Но что же порождало эти фантазии Георгия Владимировича? Нельзя сказать, что он не преследовал никаких целей, что он врал из любви к искусству. Он хотел вырасти в наших глазах. Удивить нас, чем-то казаться. В эти тяжелые дни начала двадцатых годов среди честных людей было мало живущих в достатке. Лочкин рассказывал в кругу друзей:

— Когда я был молод, то утром, появившись к завтраку, поцеловав ручку у «маман» (какой фешенебельный дом!), подходил к отцу и, едва поздоровавшись, запускал руку в его карман, доставал бумажник и брал оттуда, сколько нужно было на мои вечерние шалости. Отец сердился, злился, но я это повторял каждое утро. И вот однажды, привычно опустив руку в карман, я обнаружил в нем пустой бумажник. И понял: мы разорены.

Все это он рассказывал так достоверно, что никто не смеялся, а пожалуй, и верили. Удивлялись, сомневались, но допускали возможность всех этих событий. Парадоксально, что на сцене он не был так убедителен. В «Плодах просвещения» он играл Петрищева, пустого светского человека. Казалось бы, ему и карты в руки, но чужой, авторский текст не звучал у него так органично, как тексты, выдуманные им самим. Его фантазии была больше его актерского таланта. Случай любопытный! Ведь, казалось бы, фантазия для актера — это все, без нее нет актера.
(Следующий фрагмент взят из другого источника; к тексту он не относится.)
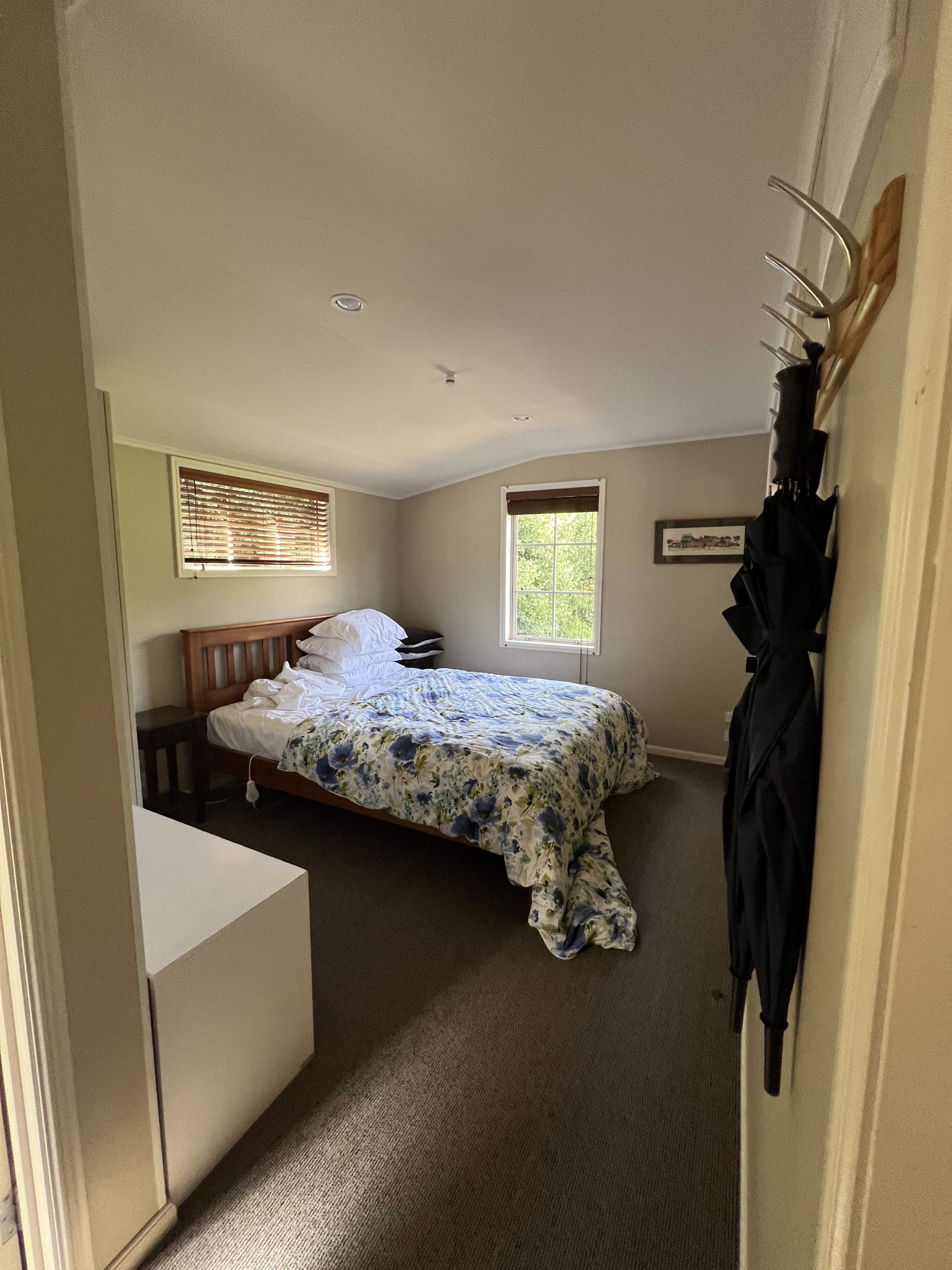 You might wonder why an A/C is even needed in a moderate climate like Glenorchy. The hottest outside air temperature we had was 25℃ (77℉), and most days of our stay topped out noticeably cooler. The problem here is sandflies and window screens—having the former without the latter. Glenorchy has sandflies, and if you open the window they will quickly come in and bite you (we tested this). They’re not that bad here compared to some other South Island locations, but they’re bad enough, and the welts last several weeks. The bugs come in through the windows because there are inexplicably no screens on the windows. (We understand that Kiwis often don’t have screens on their windows. All 4 places we’ve stayed during this trip have lacked them. This is truly inexplicable in a country with sandflies.) You can open the windows when it’s full dark outside, and we did, but this lasts less than 6 hours in early summer. We got the place cool enough over night to be cold even with jackets on in the morning, but by late afternoon it was nonetheless brutally hot inside.

Недаром Станиславский столько сил потратил на поиски ее возбудителей. А тут — бездна фантазии, но она как бы съеживалась, тускнела под давлением чужих слов.

Я думаю, что Лочкин был талантливый импровизатор типа актера комедии дель арте. В современном театре такие существа зрителям, возможно, и не несут особой радости, но для актерской среды — это клад. Они точно катализатор будируют творческую фантазию окружающих, заражают желанием создавать свои миры. Аномалия эта, мне кажется, любопытна не только для актеров, но для всех, кто стремится постигнуть сложность человеческой натуры, ее психологические парадоксы.